Request for Information (RFI) on the Proposed Funding Priorities for Neuroscience Research, Input on High Impact and Cross-Cutting Opportunities (NIH Neuroscience Blueprint)

Notice Number: NOT-NS-15-020

Key Dates
Release Date: April 1, 2015
Response Date: May 25, 2015

Related Announcements

Issued by
NIH Blueprint for Neuroscience Research (http://neuroscienceblueprint.nih.gov)
National Institute of Neurological Disorders and Stroke (NINDS)
National Eye Institute (NEI)
National Institute on Aging (NIA)
National Institute on Alcohol Abuse and Alcoholism (NIAAA)
National Institute of Biomedical Imaging and Bioengineering (NIBIB)
Eunice Kennedy Shriver National Institute of Child Health and Human Development (NICHD)
National Institute on Deafness and Other Communication Disorders (NIDCD)
National Institute on Dental and Craniofacial Research (NIDCR)
National Institute on Drug Abuse (NIDA)
National Institute of Environmental Health Sciences (NIEHS)
National Institute of General Medical Sciences (NIGMS)
National Institute of Mental Health (NIMH)
National Institute of Nursing Research (NINR)
National Center for Complementary and Integrative Health (NCCIH)
Office of Behavioral and Social Sciences Research (OBSSR)

Purpose

The National Institutes of Health Blueprint for Neuroscience Research (Blueprint) is a collaboration among 15 participating NIH Institutes, Centers and Offices that support research on the nervous system. The Blueprint’s goal is to accelerate discovery in neuroscience research, and this Request for Information (RFI) seeks input from the scientific community on how the Blueprint might best do so in the future. Responses to this RFI should suggest how future Blueprint investments can have broad impact in neuroscience and serve the interests of more than one of the Blueprint Institutes listed above.
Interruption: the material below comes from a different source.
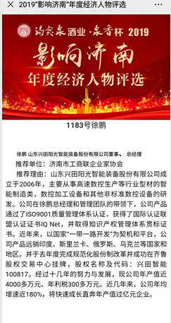 热烈祝贺我公司徐鹏总经理入围2019“影响济南”年度经济人物候选人。

The Blueprint invites input from stakeholders including but not limited to researchers in academia and industry, healthcare professionals, patient advocates and advocacy organizations, scientific and professional organizations, Federal agencies and other interested members of the public. Organizations are encouraged to submit a single response that reflects the views of the organization as a whole. NIH Blueprint would like respondents to use the website NIH-Blueprint-Responses.

Background

Neuroscience research is a unifying theme across many NIH Institutes and Centers. Sixteen participating Institutes and Centers launched the Blueprint in 2004 to provide a framework for coordinating research, and developing tools and resources that broadly advance neuroscience research (http://neuroscienceblueprint.nih.gov/). By pooling resources and expertise, the NIH Blueprint is taking advantage of economies of scale and confronting challenges too large for any single NIH Institute or Center.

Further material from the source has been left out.